* _TASK STATEMENT_:
Starting with the first line of the material, reproduce exactly each line up to and including the one that contains "A bright Florida", leaving out every picture.

* _SUPPLIED MATERIAL_:
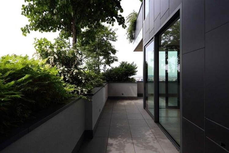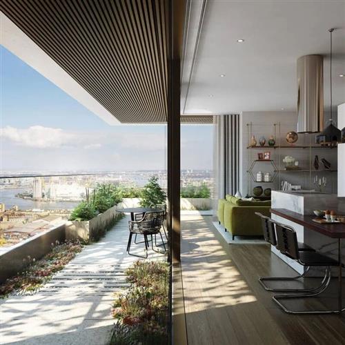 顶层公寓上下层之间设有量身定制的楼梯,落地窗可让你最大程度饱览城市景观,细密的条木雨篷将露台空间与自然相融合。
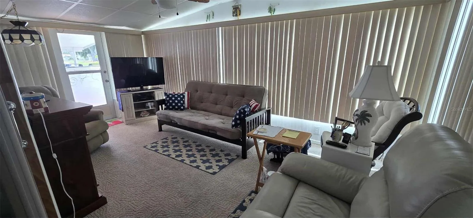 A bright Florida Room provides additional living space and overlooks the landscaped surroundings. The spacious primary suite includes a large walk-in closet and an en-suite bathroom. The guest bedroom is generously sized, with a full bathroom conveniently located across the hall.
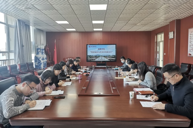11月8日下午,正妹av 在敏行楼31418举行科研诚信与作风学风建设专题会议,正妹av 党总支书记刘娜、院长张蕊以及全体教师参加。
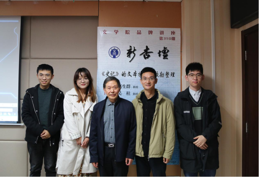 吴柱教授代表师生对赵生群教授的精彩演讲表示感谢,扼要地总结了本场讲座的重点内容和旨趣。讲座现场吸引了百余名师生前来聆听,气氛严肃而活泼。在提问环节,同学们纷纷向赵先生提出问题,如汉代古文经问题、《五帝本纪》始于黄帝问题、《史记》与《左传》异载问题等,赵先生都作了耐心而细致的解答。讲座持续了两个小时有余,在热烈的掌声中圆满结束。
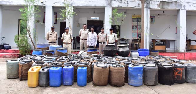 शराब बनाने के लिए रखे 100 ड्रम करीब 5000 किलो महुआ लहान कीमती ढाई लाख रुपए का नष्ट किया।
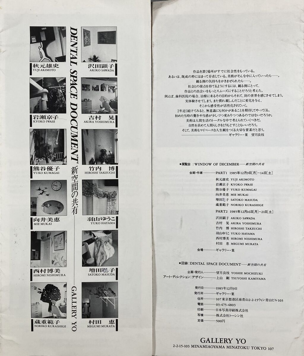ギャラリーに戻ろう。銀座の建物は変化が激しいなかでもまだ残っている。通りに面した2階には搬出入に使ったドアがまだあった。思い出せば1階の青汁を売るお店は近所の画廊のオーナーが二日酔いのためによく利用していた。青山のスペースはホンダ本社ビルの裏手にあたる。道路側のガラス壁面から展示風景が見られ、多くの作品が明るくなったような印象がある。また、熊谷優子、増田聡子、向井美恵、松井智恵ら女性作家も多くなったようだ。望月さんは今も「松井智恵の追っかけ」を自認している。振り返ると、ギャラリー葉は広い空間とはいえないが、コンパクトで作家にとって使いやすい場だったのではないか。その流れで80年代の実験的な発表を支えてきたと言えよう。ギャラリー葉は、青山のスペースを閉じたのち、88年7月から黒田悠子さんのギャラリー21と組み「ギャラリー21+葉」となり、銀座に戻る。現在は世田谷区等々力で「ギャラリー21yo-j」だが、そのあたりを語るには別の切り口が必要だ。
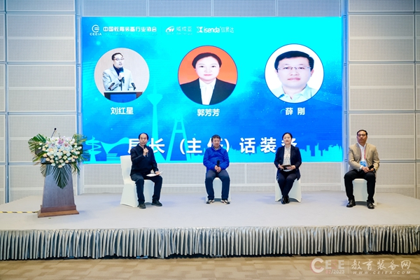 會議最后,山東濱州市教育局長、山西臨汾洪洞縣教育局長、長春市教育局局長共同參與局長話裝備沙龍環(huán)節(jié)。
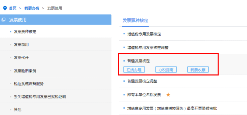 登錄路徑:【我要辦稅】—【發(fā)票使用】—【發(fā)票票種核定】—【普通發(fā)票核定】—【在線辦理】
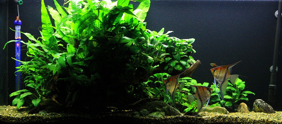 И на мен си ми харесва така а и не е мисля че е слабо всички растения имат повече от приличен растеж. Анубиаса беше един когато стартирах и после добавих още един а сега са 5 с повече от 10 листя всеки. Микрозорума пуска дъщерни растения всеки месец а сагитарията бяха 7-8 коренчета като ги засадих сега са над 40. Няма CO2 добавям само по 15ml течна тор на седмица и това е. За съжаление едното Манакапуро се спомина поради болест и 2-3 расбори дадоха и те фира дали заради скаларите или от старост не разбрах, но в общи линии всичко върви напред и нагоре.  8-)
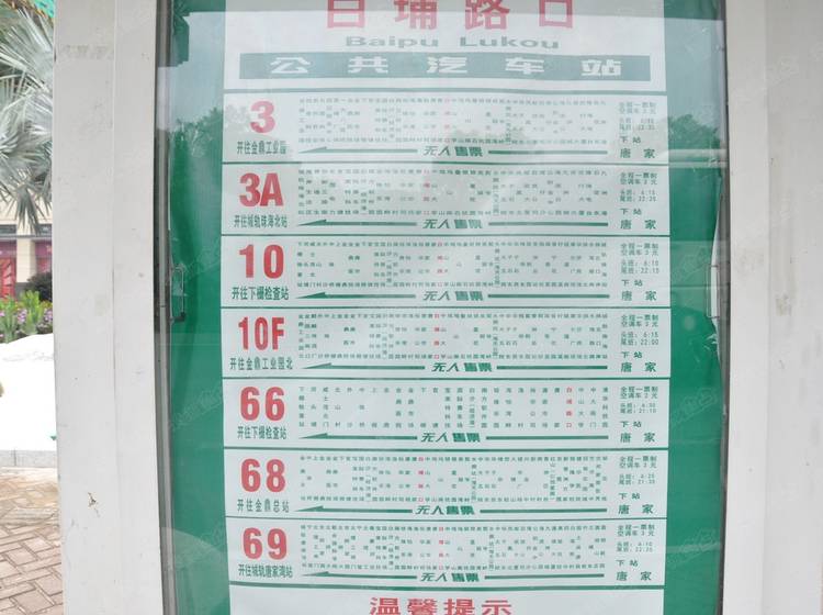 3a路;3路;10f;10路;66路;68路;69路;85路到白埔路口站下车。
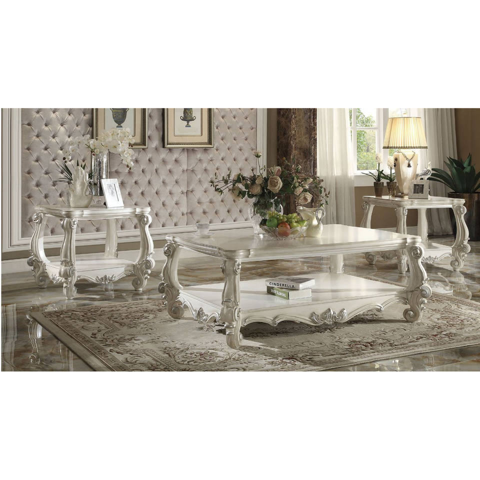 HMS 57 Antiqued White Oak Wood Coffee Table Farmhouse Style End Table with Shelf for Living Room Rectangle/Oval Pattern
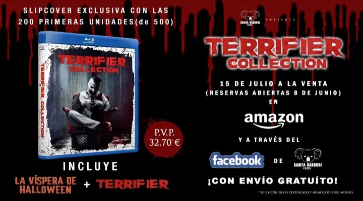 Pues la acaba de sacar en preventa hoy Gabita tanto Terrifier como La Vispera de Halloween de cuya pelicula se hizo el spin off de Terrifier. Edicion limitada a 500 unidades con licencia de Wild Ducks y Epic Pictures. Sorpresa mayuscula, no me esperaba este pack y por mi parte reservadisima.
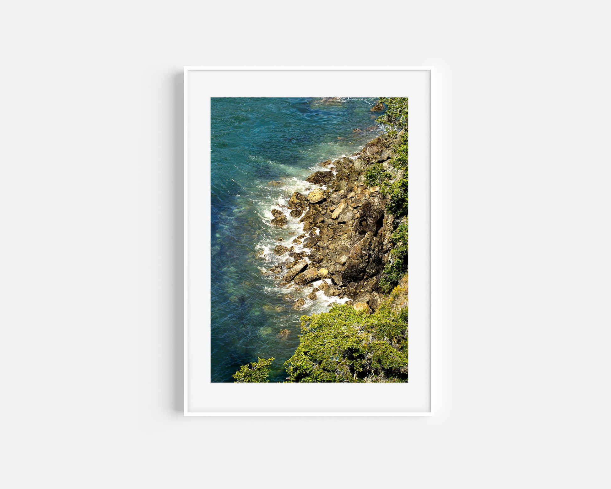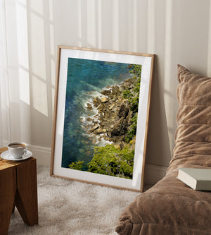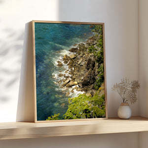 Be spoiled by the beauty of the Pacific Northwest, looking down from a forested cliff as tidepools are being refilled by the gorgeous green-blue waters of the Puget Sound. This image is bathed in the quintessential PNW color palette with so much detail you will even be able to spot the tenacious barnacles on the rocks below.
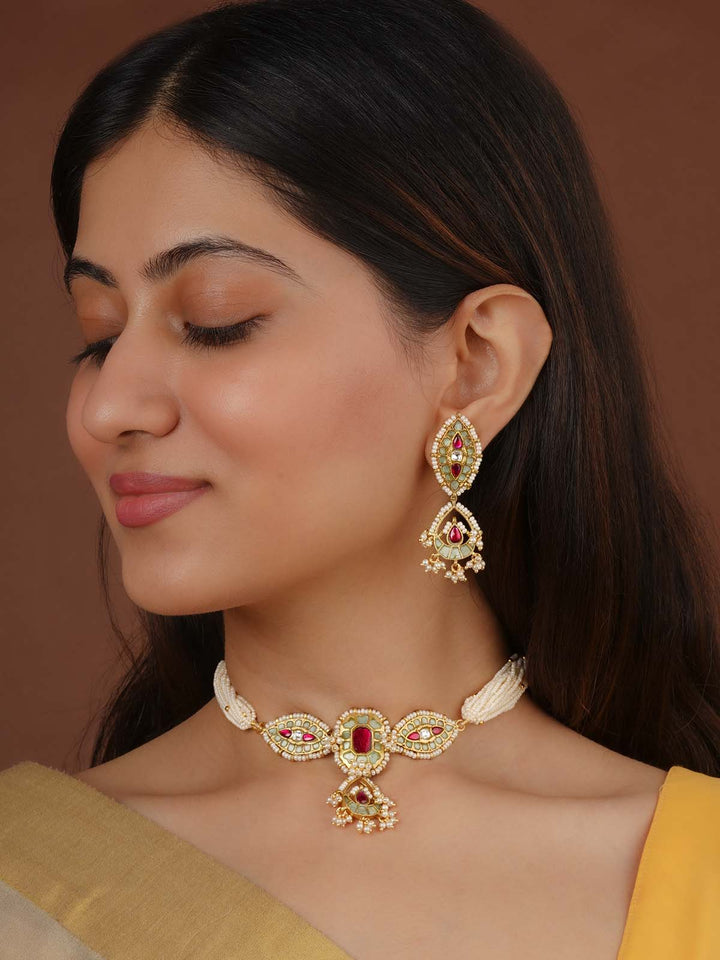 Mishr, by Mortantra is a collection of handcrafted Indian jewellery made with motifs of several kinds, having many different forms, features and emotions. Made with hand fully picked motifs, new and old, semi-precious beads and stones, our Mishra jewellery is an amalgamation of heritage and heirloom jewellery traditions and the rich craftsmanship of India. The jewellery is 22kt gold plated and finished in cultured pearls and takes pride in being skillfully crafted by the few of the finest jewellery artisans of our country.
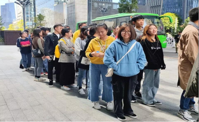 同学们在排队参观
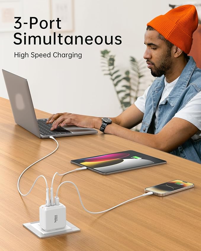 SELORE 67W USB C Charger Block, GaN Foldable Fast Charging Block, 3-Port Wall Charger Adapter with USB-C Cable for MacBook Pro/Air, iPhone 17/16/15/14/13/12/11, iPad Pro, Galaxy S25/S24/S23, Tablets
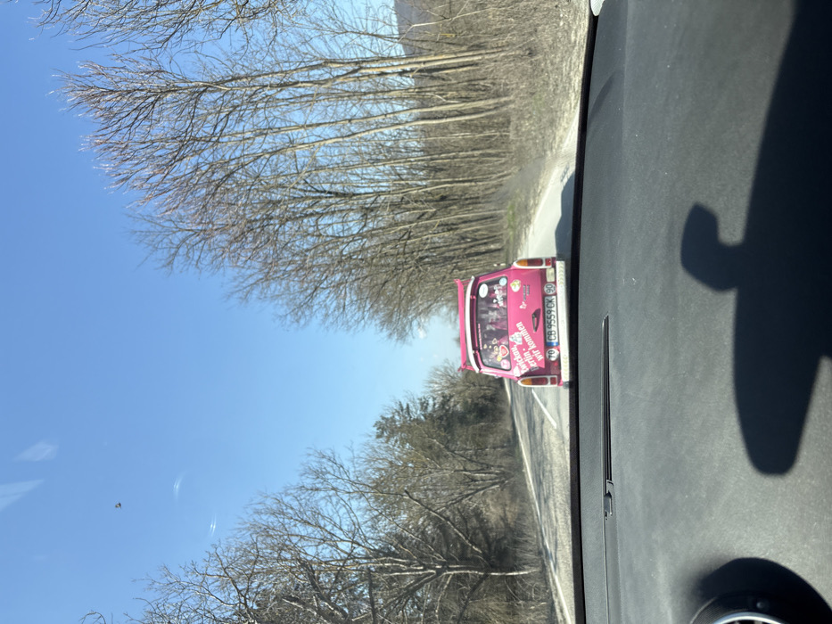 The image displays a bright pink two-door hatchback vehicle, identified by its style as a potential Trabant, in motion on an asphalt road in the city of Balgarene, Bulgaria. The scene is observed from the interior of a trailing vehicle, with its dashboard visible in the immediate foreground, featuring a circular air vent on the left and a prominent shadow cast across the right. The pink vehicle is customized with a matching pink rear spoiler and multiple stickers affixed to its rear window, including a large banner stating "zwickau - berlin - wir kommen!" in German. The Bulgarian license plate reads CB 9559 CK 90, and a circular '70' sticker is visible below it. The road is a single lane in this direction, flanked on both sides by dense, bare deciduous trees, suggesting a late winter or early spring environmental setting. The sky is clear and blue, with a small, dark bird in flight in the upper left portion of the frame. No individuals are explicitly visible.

* _EXPECTED ANSWER_:
 顶层公寓上下层之间设有量身定制的楼梯,落地窗可让你最大程度饱览城市景观,细密的条木雨篷将露台空间与自然相融合。
 A bright Florida Room provides additional living space and overlooks the landscaped surroundings. The spacious primary suite includes a large walk-in closet and an en-suite bathroom. The guest bedroom is generously sized, with a full bathroom conveniently located across the hall.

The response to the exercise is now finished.